§ **Records for the exercise**
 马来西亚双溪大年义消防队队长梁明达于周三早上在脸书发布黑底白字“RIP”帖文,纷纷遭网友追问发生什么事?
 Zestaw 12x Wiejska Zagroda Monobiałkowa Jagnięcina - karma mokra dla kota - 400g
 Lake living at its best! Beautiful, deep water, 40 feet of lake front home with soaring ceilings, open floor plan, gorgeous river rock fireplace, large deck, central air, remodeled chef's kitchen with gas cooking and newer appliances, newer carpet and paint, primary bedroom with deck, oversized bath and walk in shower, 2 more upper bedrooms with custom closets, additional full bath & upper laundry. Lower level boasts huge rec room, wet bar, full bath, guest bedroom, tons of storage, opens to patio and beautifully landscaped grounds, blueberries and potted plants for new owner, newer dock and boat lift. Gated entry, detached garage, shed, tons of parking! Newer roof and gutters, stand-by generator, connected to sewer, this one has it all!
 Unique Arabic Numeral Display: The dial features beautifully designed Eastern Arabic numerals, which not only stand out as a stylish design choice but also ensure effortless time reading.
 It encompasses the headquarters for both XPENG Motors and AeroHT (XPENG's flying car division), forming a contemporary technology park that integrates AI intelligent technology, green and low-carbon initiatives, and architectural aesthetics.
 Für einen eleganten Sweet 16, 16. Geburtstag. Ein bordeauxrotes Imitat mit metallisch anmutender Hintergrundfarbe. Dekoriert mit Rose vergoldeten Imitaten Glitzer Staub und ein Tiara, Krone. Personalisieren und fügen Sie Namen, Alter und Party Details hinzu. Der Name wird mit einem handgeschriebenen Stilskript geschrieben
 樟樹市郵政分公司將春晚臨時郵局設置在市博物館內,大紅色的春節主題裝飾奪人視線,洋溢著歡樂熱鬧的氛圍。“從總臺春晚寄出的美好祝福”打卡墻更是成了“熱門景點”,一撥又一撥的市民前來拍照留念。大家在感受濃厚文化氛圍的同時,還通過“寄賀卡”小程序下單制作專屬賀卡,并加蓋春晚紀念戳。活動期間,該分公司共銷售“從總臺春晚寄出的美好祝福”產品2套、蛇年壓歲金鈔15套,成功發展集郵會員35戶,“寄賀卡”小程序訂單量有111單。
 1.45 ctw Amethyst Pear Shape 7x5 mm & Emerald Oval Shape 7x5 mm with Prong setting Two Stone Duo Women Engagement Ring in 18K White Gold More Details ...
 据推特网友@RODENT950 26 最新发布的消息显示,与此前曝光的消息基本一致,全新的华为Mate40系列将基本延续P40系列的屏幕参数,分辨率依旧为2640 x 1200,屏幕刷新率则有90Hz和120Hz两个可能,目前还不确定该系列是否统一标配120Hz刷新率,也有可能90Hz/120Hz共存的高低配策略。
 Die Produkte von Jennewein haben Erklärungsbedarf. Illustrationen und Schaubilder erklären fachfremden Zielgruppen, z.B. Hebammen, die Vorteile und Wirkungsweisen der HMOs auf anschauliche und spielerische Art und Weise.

§ **What to work on**
Nothing past the line containing "Unique Arabic Numeral" should be restated; transcribe the material exactly from its first line through that line.

§ **Exercise result**
 马来西亚双溪大年义消防队队长梁明达于周三早上在脸书发布黑底白字“RIP”帖文,纷纷遭网友追问发生什么事?
 Zestaw 12x Wiejska Zagroda Monobiałkowa Jagnięcina - karma mokra dla kota - 400g
 Lake living at its best! Beautiful, deep water, 40 feet of lake front home with soaring ceilings, open floor plan, gorgeous river rock fireplace, large deck, central air, remodeled chef's kitchen with gas cooking and newer appliances, newer carpet and paint, primary bedroom with deck, oversized bath and walk in shower, 2 more upper bedrooms with custom closets, additional full bath & upper laundry. Lower level boasts huge rec room, wet bar, full bath, guest bedroom, tons of storage, opens to patio and beautifully landscaped grounds, blueberries and potted plants for new owner, newer dock and boat lift. Gated entry, detached garage, shed, tons of parking! Newer roof and gutters, stand-by generator, connected to sewer, this one has it all!
 Unique Arabic Numeral Display: The dial features beautifully designed Eastern Arabic numerals, which not only stand out as a stylish design choice but also ensure effortless time reading.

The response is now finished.